No it's not.. the context of other threads on this post (which mention jq) do not apply here. How poorly coded are you?

Like how poorly did Jesus code my DNA? Ask him. By him I mean ChatGPT Jesus mode.

What's massive amount concurrent writes? What's big data?

Such an exercise is left for the reader.

What additional skill set do you need to "learn" for SQLite? Copying files around?

Yeah these are deeply unserious people.

For me, I have a use case that needs to support a few thousand users, probably a few hundred concurrently.

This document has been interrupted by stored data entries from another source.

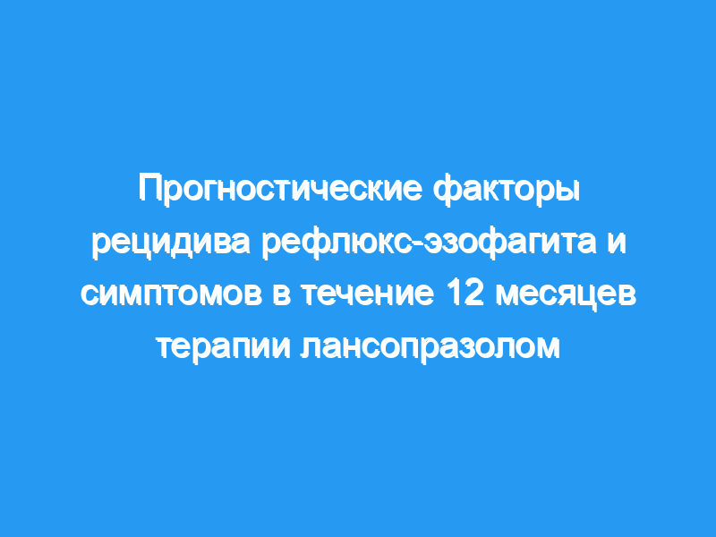 Доза лансопразола (P = 0,01) и тяжесть симптомов (P <, 0,05) достоверно предсказывали время до рецидива. Степень рефлюкс-эзофагита имела лишь пограничную прогностическую ценность (Р = 0,09), в то время как статус инфекции H. pylori и данные манометрии и внутрипищеводной 24-часовой рН-метрии не предсказывали рецидив.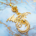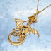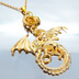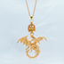 マットゴールド 翼を広げるドラゴンと歯車のネックレス ゴシック メンズ レディース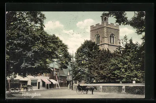 AK Hillingdon, Strassenpartie mit Kirchenturm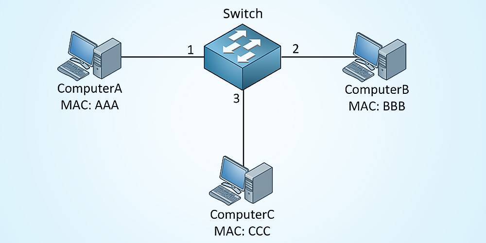 Посередине есть коммутатор, а вокруг 3 компьютера. У всех компьютеров есть МАС адрес, но они упрощены как АА, ВВВ и ССС. Коммутатор имеет таблицу МАС-адрсов и узнает, где находятся все МАС адреса в сети. Теперь, предположим, что компьютер А собирается отправить что-то на компьютер В: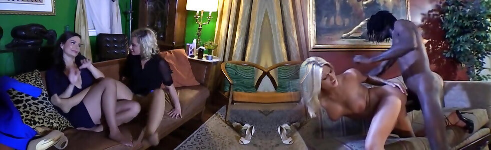 Mature Platinum-blonde Plumper in Pantyhose drizzles on Big Black Cock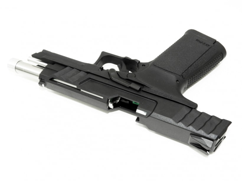 強化樹脂製スライドを採用し、HFC134aガス向けのJPバージョン。ベースはグロックでグリップはAR15カスタムグリップを思わせるスムースな形状。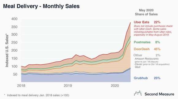 过去两年美国外卖送餐的市场在不断扩大,四大平台的市场份额也在不断扩大。从市场研究机构Second Measure的统计显示,按照销售额计算,今年5月份,DoorDash在美国外卖市场的份额已经达到了45%,Grubhub和Uber Eats份额基本相当。目前四大平台的市场份额总和已经达到了98%,基本完成了市场洗牌。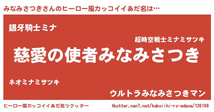 | 女子向けラノベタイトル風あだ名 | 『死神みなみさつきの再婚』 |

The combination of SQLite (libsql, a concurrent implementation of sqlite) and Rust means I can do so from a $2/m VPS and a single server instance.

Backups are done via a cron job that uploads to S3.

Does it pass the "Netflix scale" test? No

But it doesn't need to. I'm not profiting from the service and SQLite offers a path to scale if/when ready because... well it's just SQL and I can literally just swap `libsql::Connection` with `psql::Connection` in my repositories.

Plus upgrading from a $2/m VPS to a $10/month VPS quadripples the number of concurrent users I can support.

IMO, you can vertically scale extraordinary far with SQlite and an efficient server implementation.

I'd wager that 90% of forum websites, wordpress sites and online shops would be fine with SQLite.


> The combination of SQLite (libsql, a concurrent implementation of sqlite) and Rust means I can do so from a $2/m VPS and a single server instance.

You can probably do it with regular SQLite, too. Being limited to a single writer isn't as devastating as it sounds when they get processed very quickly. Probably don't need Rust either but it'll be more efficient than the usual choices.

(Also, it looks like libsql is the same as SQLite? Only Turso has concurrent writes)


Why do you need libsql? Single writer tends to scale better than concurent writes.

There are many cases where SQLite + concurrent front end (like a go net/http server) can handle all the load that a service might ever conceivably have to handle, especially if allowed to scale up hardware over time. You can trivially scale up SQLite to, what, hundreds of thousands of tps?

The only thing you really give up is HA/failover and DR. But there are solutions to deal with those. And single-server systems are generally surprisingly robust (since, in the absence of very complex control planes, uptime goes down with more systems).


Why go through the trouble of shoehorning SQLite into a cloud database by getting solutions for HA/failover and DR, when you can just use Postgres off the shelf?

So you can post about it on HN, obviously

You also have the issue or normal maintenance (patching, OS upgrades, etc). You can’t do those without downtime if you are using SQLite.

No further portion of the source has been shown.